There is cross-party support in Scotland for the return of a post-study work visa for international students. All five major Scottish political parties back a proposal for the reintroduction of such a visa.
Public opinion in Scotland supports such a move. A recent poll found 83% of Scots support the idea that international students should remain in Scotland to work for a period after they graduate rather than immediately returning to their home country. 67% of Scots think the economic impact of international students helps to create jobs. Only 27% of Scots think of international students as immigrants.
Commenting on the launch of the Manifesto, Alastair Sim, Director of Universities Scotland, the representative body of Scotland’s 19 higher education institutions, said:
“The next UK Government is going to have to take a new approach to immigration as it moves on with Brexit. This election gives politicians in Scotland a chance to send a strong and united message to the next Government, backed by the electorate, that Scotland wants an immigration policy that works for us.
“We value living and working amongst people from across the world. We want that talent to come and we want to keep our highly-skilled international students for the benefit of our economy and society. Scotland has been able to set a different policy on immigration before. It is entirely possible for the next UK Government to make this happen for Scotland again.”
The joint Manifesto for the Mobility of Talent also calls on politicians to guarantee the rights of the 4,500 staff from the EU and EAA who already work in Scotland’s universities to continue to work and reside in the UK without limits on their ability to access public services. Universities want EU staff and students to maintain freedom of movement.
The Manifesto finally calls for support for opportunities for Scottish students to go abroad as part of their studies. The UK’s continued role in Erasmus+, a major European student exchange programme, is in doubt as a result of Brexit.

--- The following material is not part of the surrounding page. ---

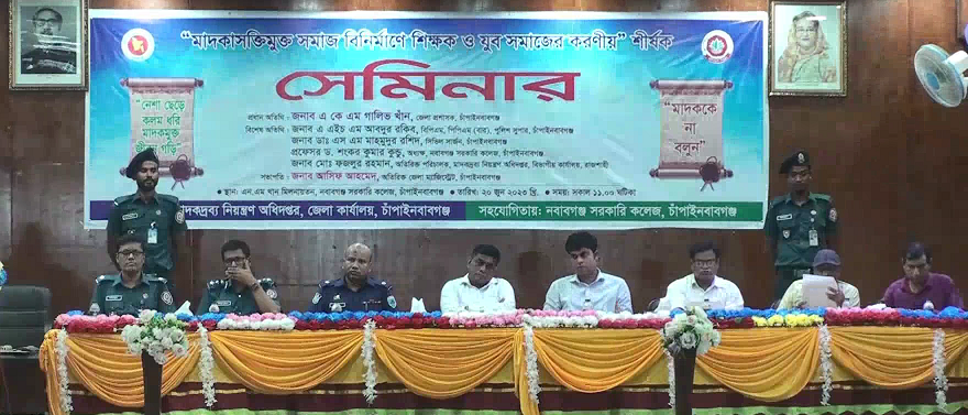 মাদকাসক্তিমুক্ত সমাজ বির্নিমানে শিক্ষক ও যুব সমাজের করনীয় শীর্ষক সেমিনার অনুষ্ঠিত হয়েছে চাঁপাইনবাবগঞ্জে। মঙ্গলবার সকালে জেলা মাদকদ্রব্য নিয়ন্ত্রণ অধিদপ্তরের আয়োজনে নবাবগঞ্জ সরকারি কলেজ মিলনায়তনে এই সেমিনার হয়। সেমিনারে প্রধান অতিথির বক্তব্য রাখেন জেলা প্রশাসক একেএম গালিভ খাঁন। অতিরিক্ত জেলা ম্যাজিস্ট্রেট আসিফ আহমেদের সভাপতিত্বে সেমিনারের বিশেষ অতিথি ছিলেন নবাবগঞ্জ সরকারি কলেজের অধ্যক্ষ প্রফেসর ড. শংকর কুমার কুন্ডু,

NUS Scotland President Vonnie Sandlan said:
“The economic uncertainty of Brexit threatens to have a negative impact on young people’s futures. In this election politicians must be reminded it is their duty to ensure that students and young people have access to the opportunities and experiences that will enable them to reach their full potential in life.
“NUS Scotland strongly believes that students from outside the UK – be that within the EU, or beyond it – bring immense cultural, economic, and educational benefits to our universities and colleges, as well as wider Scottish society. In addition to this, Scottish students also benefit from the chance to study elsewhere in the EU and it is vital that these doors of opportunity do not shut as a consequence of Brexit. In the next Parliament we want to see Scottish MPs hold the UK Government to account on these issues and ensure education and mobility are at the heart of Brexit negotiations.”
Mary Senior, Scotland Official, University and College Union said:
“Our global workforce is a key strength of the education sector, and along with EU and international students, make a hugely valuable contribution to our universities. To avoid a brain drain of international talent we need to send a strong message that staff and students from around the world are welcome in Scotland. That’s why our manifesto calls for the incoming UK government to immediately guarantee the right to remain for EU citizens working and studying in the UK, and end the uncertainty that they are currently facing. We need to be clear that people are welcome to come to study and work in Scotland, and the return of the post-study work visa for international students would do exactly that.”
Brexit is set to be a defining issue within this election. Brexit creates the need for a very different approach to immigration if the UK is to avoid significant skills gaps in some sectors. The outgoing Conservative Government was expected to launch a wide-ranging consultation on immigration policy in the summer. There has been some recent speculation that a more regional approach to immigration policy across the UK will be needed post-Brexit.
The Smith Commission, which considered new powers for Scotland following the 2014 referendum on independence, concluded that Scotland did not need new powers to enact this policy. It is possible under the existing devolution arrangement to deliver regional variation on immigration policy across the UK.